[[ GIVEN INFORMATION open ]]

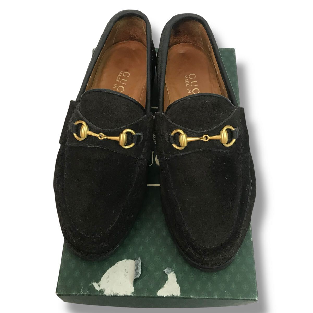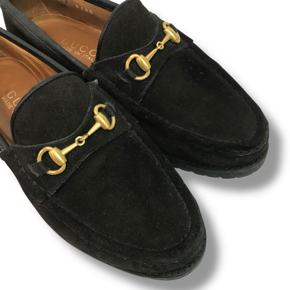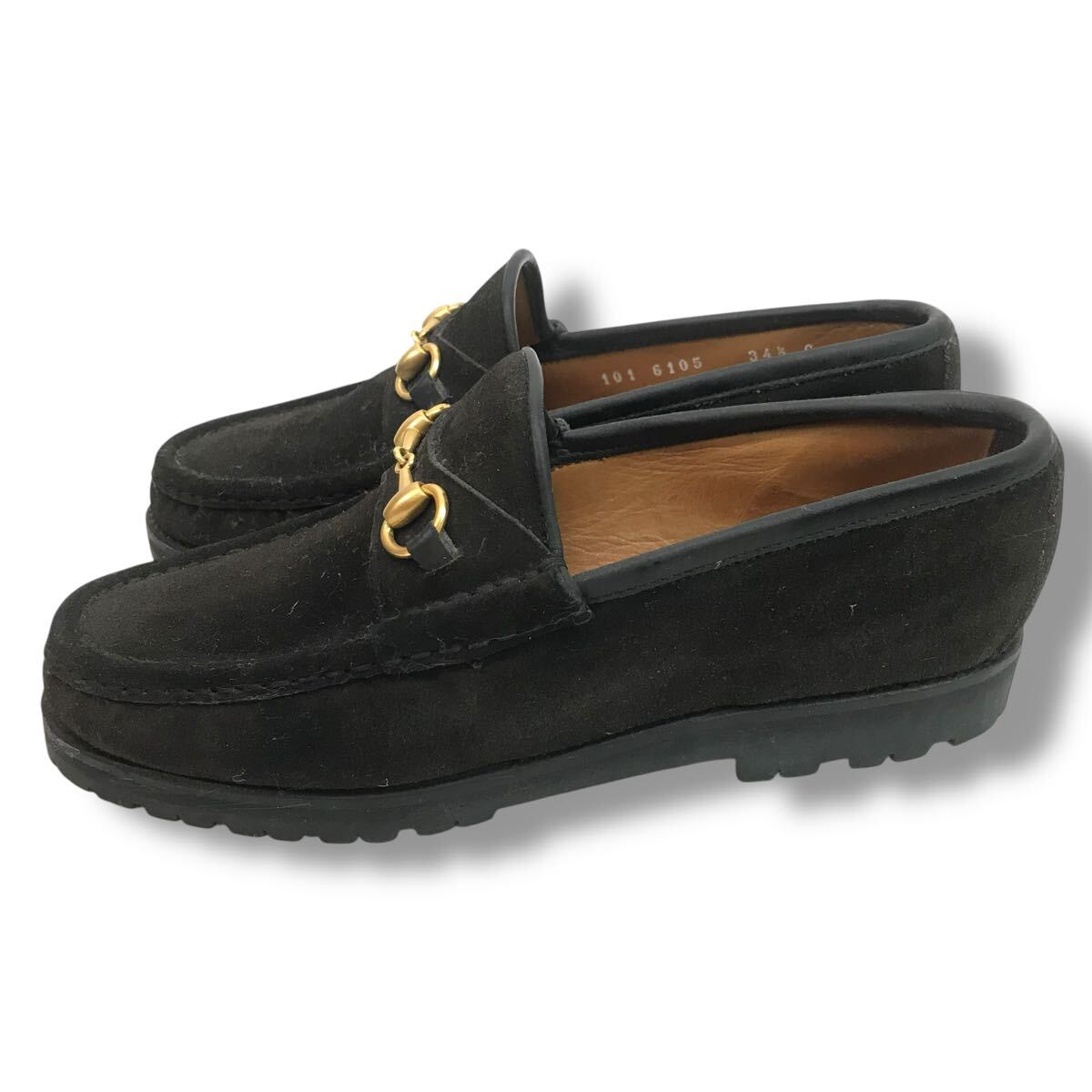 d56 Vintage GUCCI グッチ ホースビット ローファー スエードレザー シューズ 革靴 34.5 ダークブラウン イタリア製 正規品 ヴィンテージ
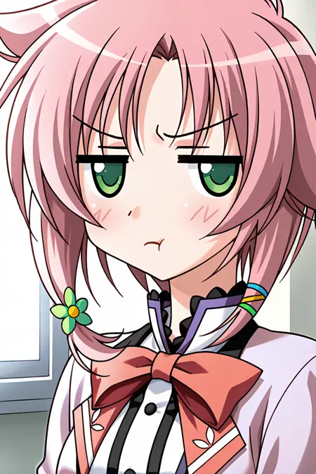 blush, >:, closed mouth, looking at viewer, upper body, v-shaped eyebrows, angry, facing viewer
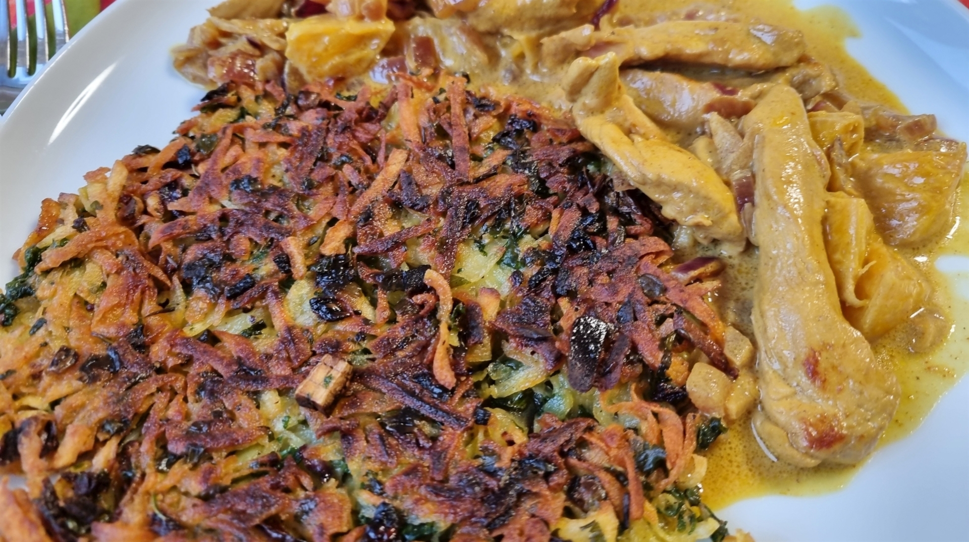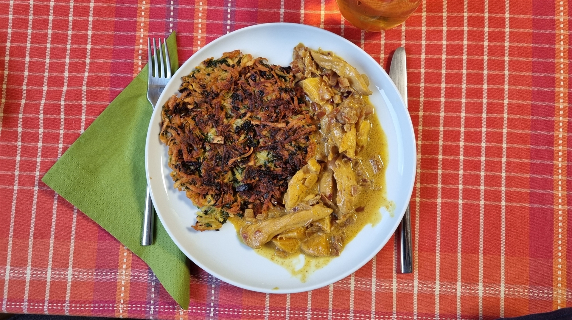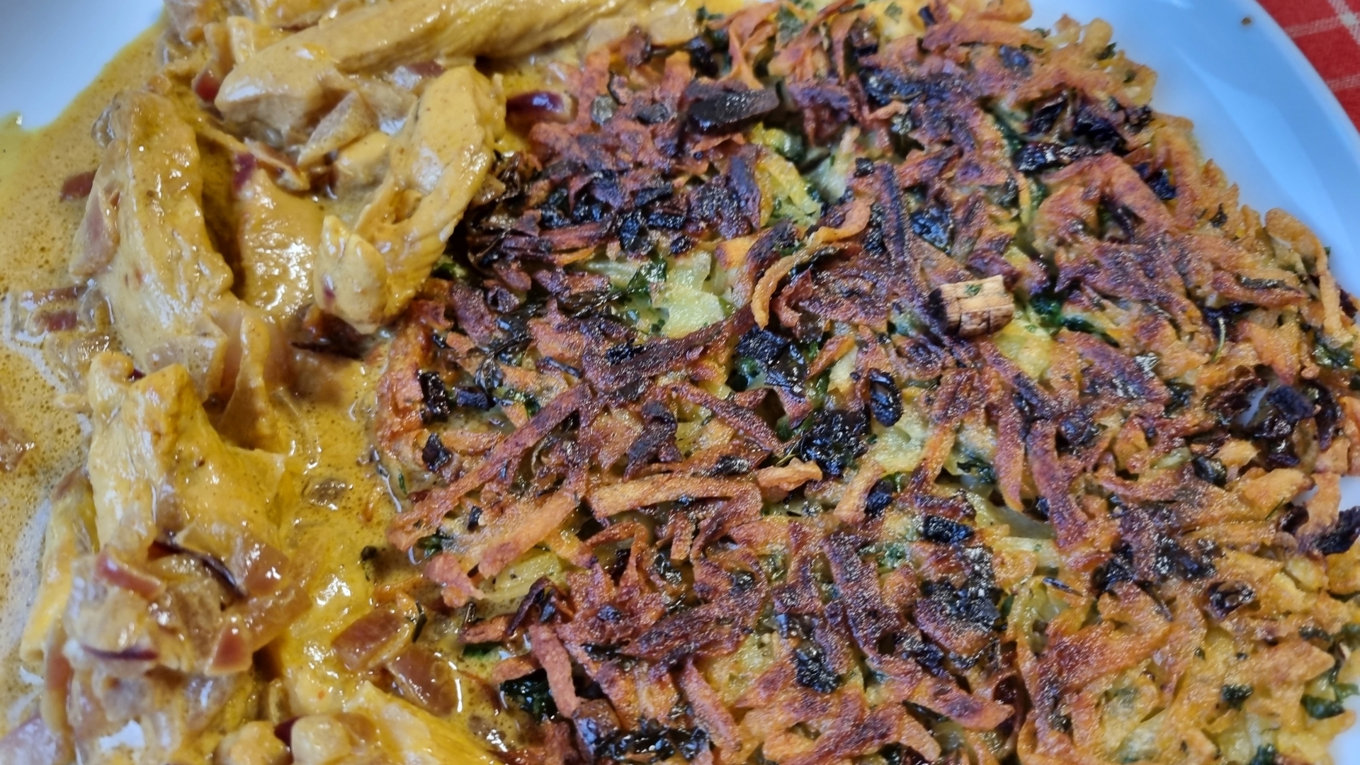 In der Pfanne Pfanne 1 EL Butterschmalz erhitzen, die Hälfte der Rösti-Masse hineingeben und gleichmäßig verteilen. Für ca. 3-4 Minuten braten lassen, ohne zu wenden. Rösti in einer Pfanne braten, anschließend wenden. Die Rösti sollen goldbraun und kross sein. Die andere Seite ebenfalls 3-4 Minuten anbraten.

[[ GIVEN INFORMATION closed ]]

## WHAT THIS TASK INVOLVES
The data must be printed exactly, image-free.

## ANSWER FOR THE TASK
 d56 Vintage GUCCI グッチ ホースビット ローファー スエードレザー シューズ 革靴 34.5 ダークブラウン イタリア製 正規品 ヴィンテージ
 blush, >:, closed mouth, looking at viewer, upper body, v-shaped eyebrows, angry, facing viewer
 In der Pfanne Pfanne 1 EL Butterschmalz erhitzen, die Hälfte der Rösti-Masse hineingeben und gleichmäßig verteilen. Für ca. 3-4 Minuten braten lassen, ohne zu wenden. Rösti in einer Pfanne braten, anschließend wenden. Die Rösti sollen goldbraun und kross sein. Die andere Seite ebenfalls 3-4 Minuten anbraten.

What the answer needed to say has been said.